I think he's talking about the rendering algorithm with regards to the stream of text. essentially saying rendering direction should follow reading convention.

on the other hand, in formal arabic, it's not unusual that numers are read in clusters from least significant to most significant (right to left). 1984 would be read : eighty four and nine hundred and a thousand. not sure if the author is aware of this


This article is wonderful. It's interesting, it's captivating, full with detail, and to think I never gave much thought about Arabic rendering before.

This part nearly had me chuckle audibly:

He says yes. The result is "Simplified Arabic": initial fused into medial, final into isolated, ligatures dropped. It conquers the Arab newsroom in a generation. Mrowa is assassinated at his desk eight years later, by an unrelated faction, in an unrelated dispute.

Also, it's depressing how hundreds of millions of people couldn't even get their language typeset on a computer, and our industry meanwhile was busy building AI-native AI for your groceries (have we mentioned it has AI btw?) and similar performative bullshit.


  Internet Explorer 5.5 implements text-justify: kashida. For one brief, weird browser-quarter Microsoft is the only software vendor on earth that can justify Arabic correctly on a screen.

the entire article has llm tells all over it. i read it anyway, and i'm grateful for all the facts i learned (although i cannot trust all of them, for reasons aforementioned), but i genuinely (!) think it's a shame because the topic is an absolutely fascinating one

(i will permit myself to not explain in excruciating detail why i feel that way about this, as we have this discussion several times a day on this site)


Very interesting. I just implemented a text shaper and renderer from scratch with support for complex scripts like Arabic, Nastaliq and Indic (will soon post about it here on HN). Now that you write about it, the lack of stretching really is a deficiency in the OpenType spec.

If you want a solution for this it has to happen in the rendering step, not the shaping (which is HarfBuzz's main task). The shaper has no information about the available space, but when rendering you could stretch individual glyphs to the desired width, similar to adjusting the width of whitespace in Latin, but more complex, because you actually have to modify the glyphs with a scale transform. I am not an expert on Arabic script by any means, but this should be possible IMO. It would at least be an interesting experiment. Of course the JSTF table would be the right way to do it, but there seems to be a lot of confusion around it. Maybe in the age of LLMs we can give it another shot.


It does seem like a KP-like algorithm ought to be able to optimize the break positions without extreme algorithmic difficulty aside from the inputs being considerably more complex than for Latin block print: the cost function for a proposed line is a straightforward [0] calculable function of the contents of the line, and I think one could make a dynamic programming algorithm that tracks, for each input position, the cost of the optimal layout of all text up to that position with a break at that position. This gives an algorithm that takes cubic time. (For input length n, you need to fill in n values in the table. Each value scans the entire table before that position and does a calculation with complexity linear in the proposed line length.)
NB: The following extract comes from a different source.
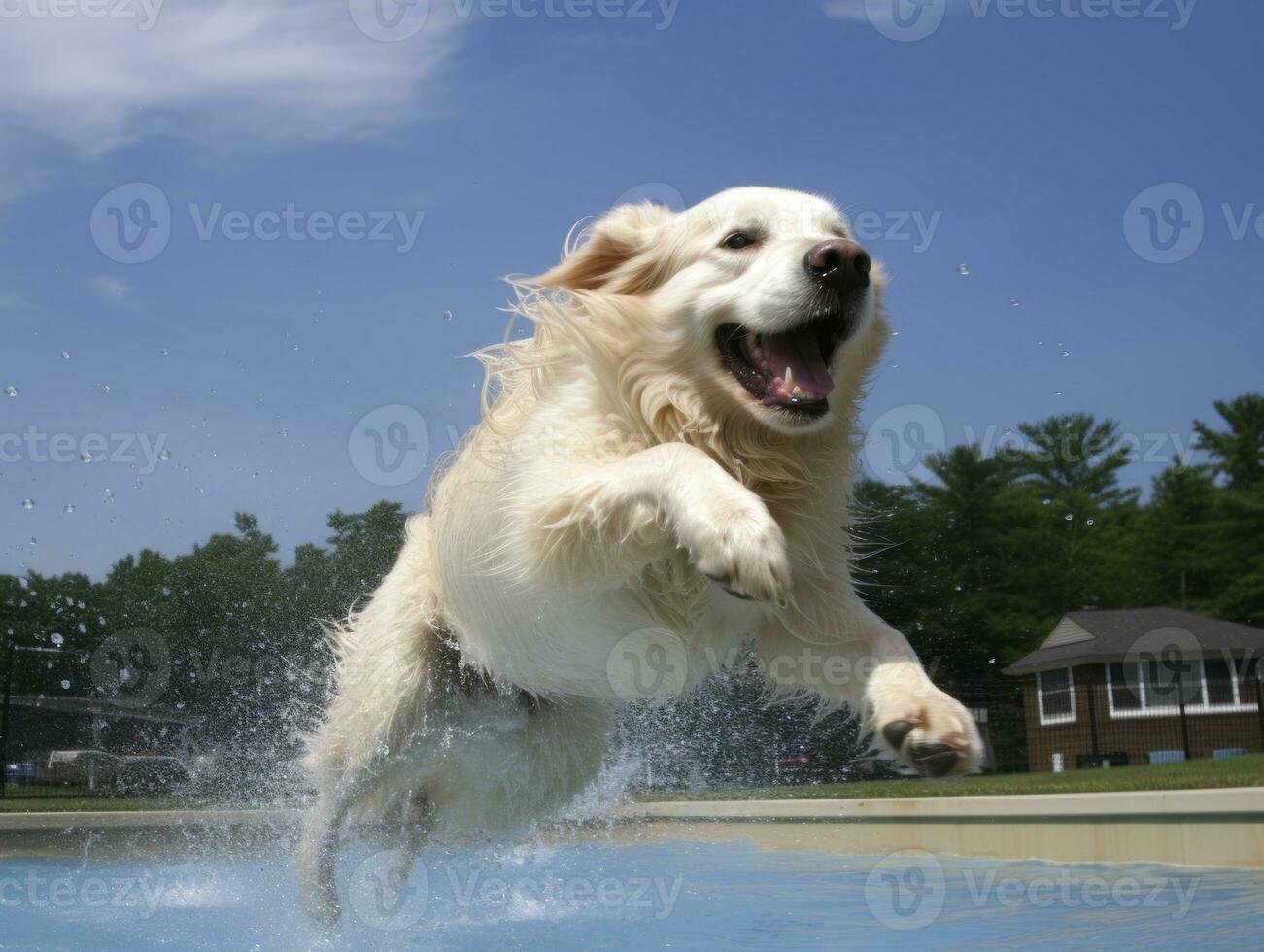 Wet and joyful dog leaping into a pool on a hot summer day AI Generative Pro Photo

As a practical matter, there’s an input length n and there is some upper bound B on a credible line length as measured in code points, so there are only at most n*B credible proposed lines to evaluate, which also limits the useful look back on the table to B positions, so I think the time complexity could be reduced to O(n*B^2) without making the results worse on reasonable inputs, and this is probably quite tolerable.
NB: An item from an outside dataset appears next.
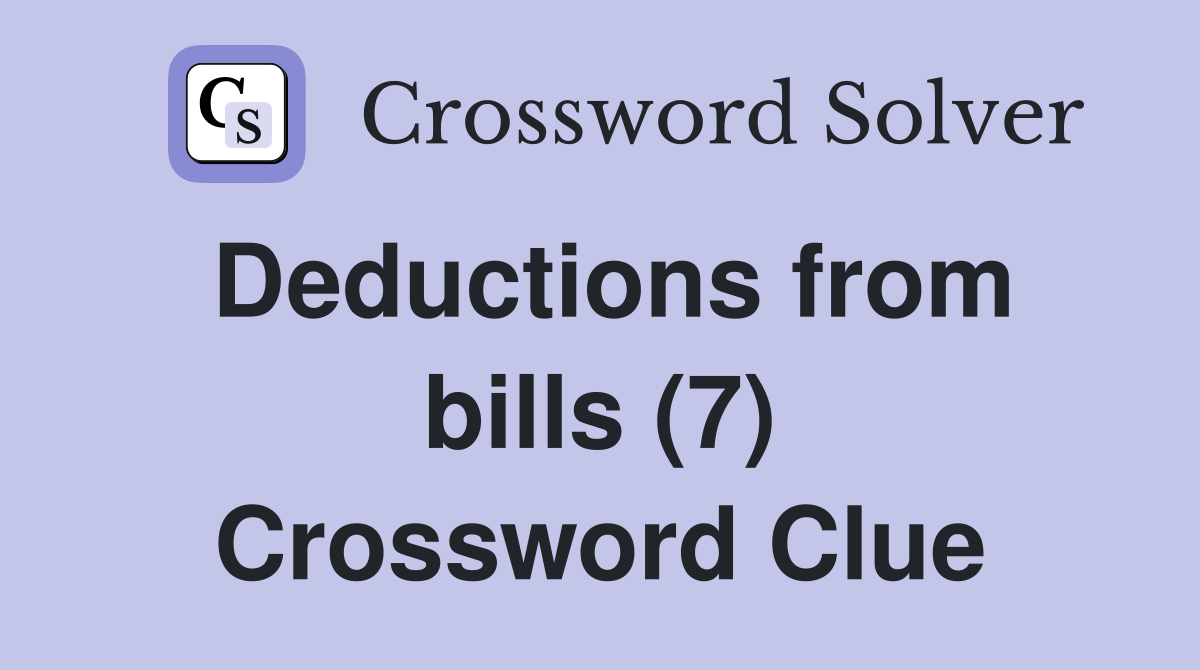Deductions from bills (7) Crossword Clue Answers Crossword Solver
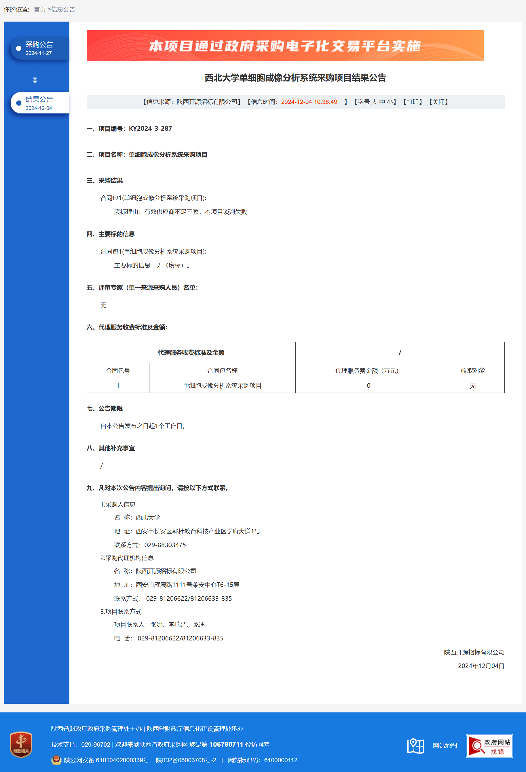 开云手机网页版登录入口单细胞成像分析系统采购项目结果公告 作者:采购与招标办公室 编辑: 时间:2024-12-04 原公告链接:https://www.ccgp-shaanxi.gov.cn/freecms/site/shaanxi/ggxx/info/2024/8a69c2519218573701938f5b22ae4a5a.html?noticeType=001006¬iceId=379ded18-b1ea-11ef-8063-08c0eb20c666

[0] Straightforward once you’ve implemented the whole Arabic rendering stack, anyway. I am certainly not qualified to calculate this function :)


very interesting, arabic is a good reminder that text rendering is mostly solved for the scripts that shaped the defaults.

The hard part is that typography, shaping, bidi behavior, font fallback, search, and the editor model all leak into each other.

You cannot fix one layer cleanly when the assumptions are wrong in all of them.